■ Exercise data ■

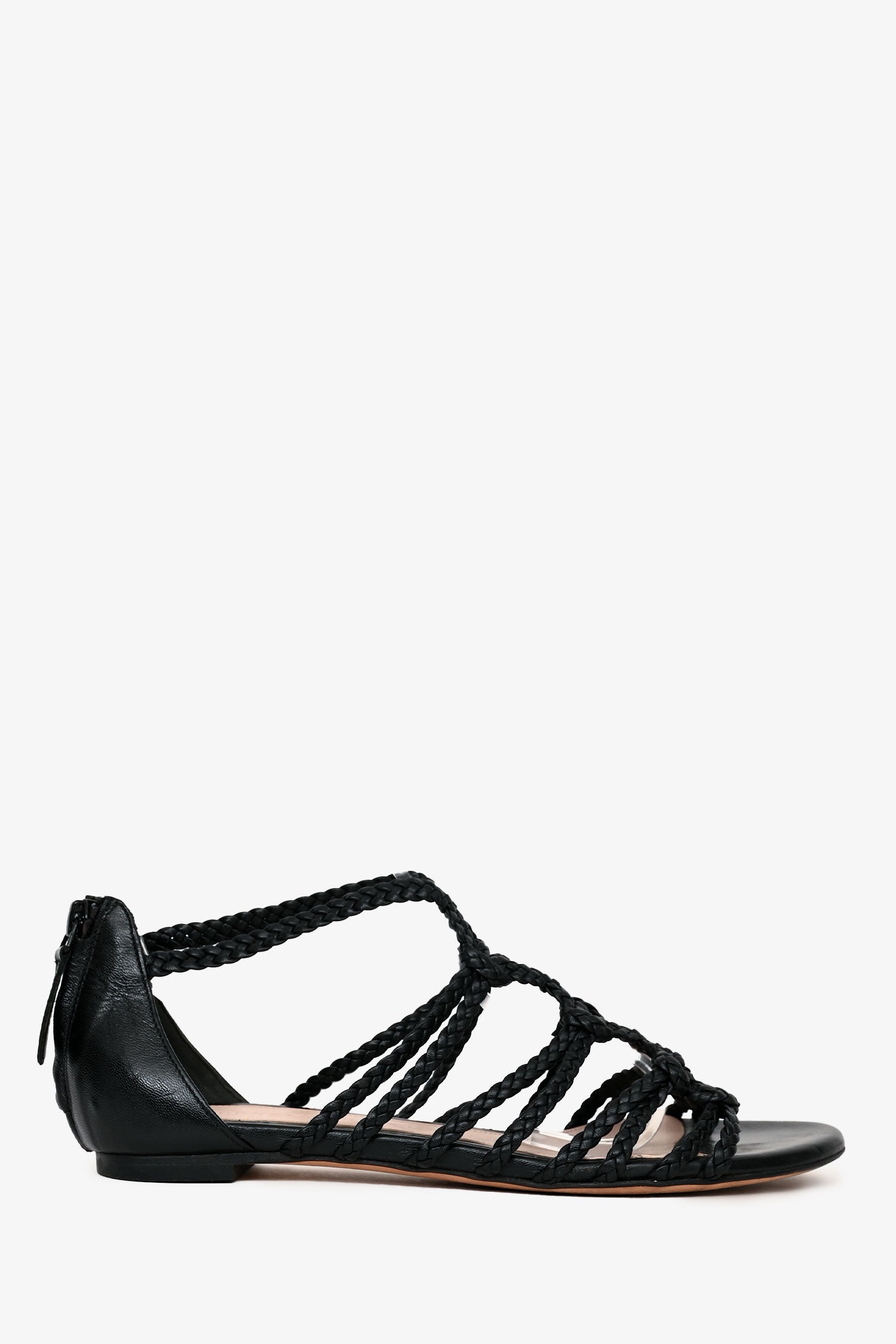 Refresh availabilityAlexander McQueen Black Leather Braided Sandals. Open toe. Braided leather straps. Back zip closure. Flat sole. Tonal stitching.
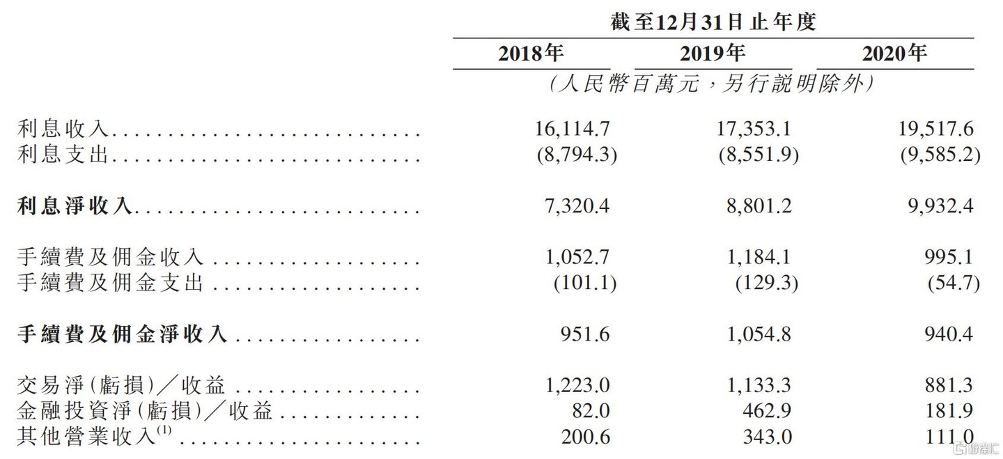 上市申請書顯示:截至 2020 年 12 月 31 日,東莞農商行實現利息淨收入為 99.32 億元,相比於 2018 年淨增加 26.12 億元,累計增長 35.68%。利息淨收入佔總營收的比值達 82.45%,相比於 2018 年的 74.87%,累計上升 7.58 個百分點。
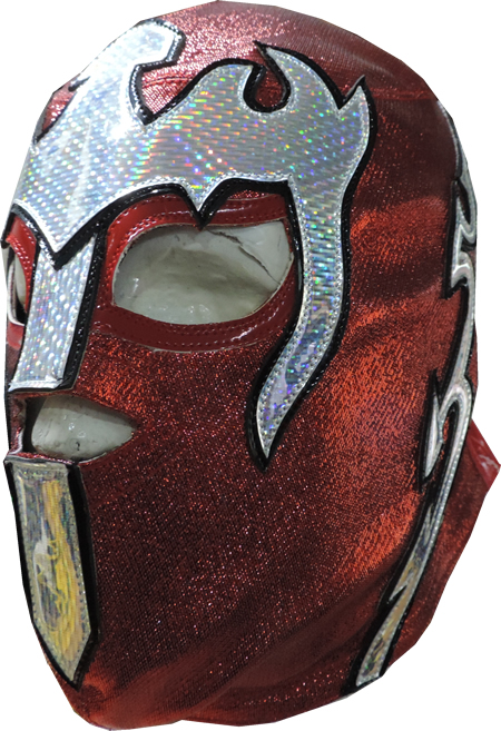 The mask is made of metallic fabric and synthetic hologram

■ What is being asked ■
Your copy should run from the line that has "上市申請書顯示:截至 2020 年" through the last line above, exactly, with both ends in and pictures out.

■ Your solution ■
 上市申請書顯示:截至 2020 年 12 月 31 日,東莞農商行實現利息淨收入為 99.32 億元,相比於 2018 年淨增加 26.12 億元,累計增長 35.68%。利息淨收入佔總營收的比值達 82.45%,相比於 2018 年的 74.87%,累計上升 7.58 個百分點。
 The mask is made of metallic fabric and synthetic hologram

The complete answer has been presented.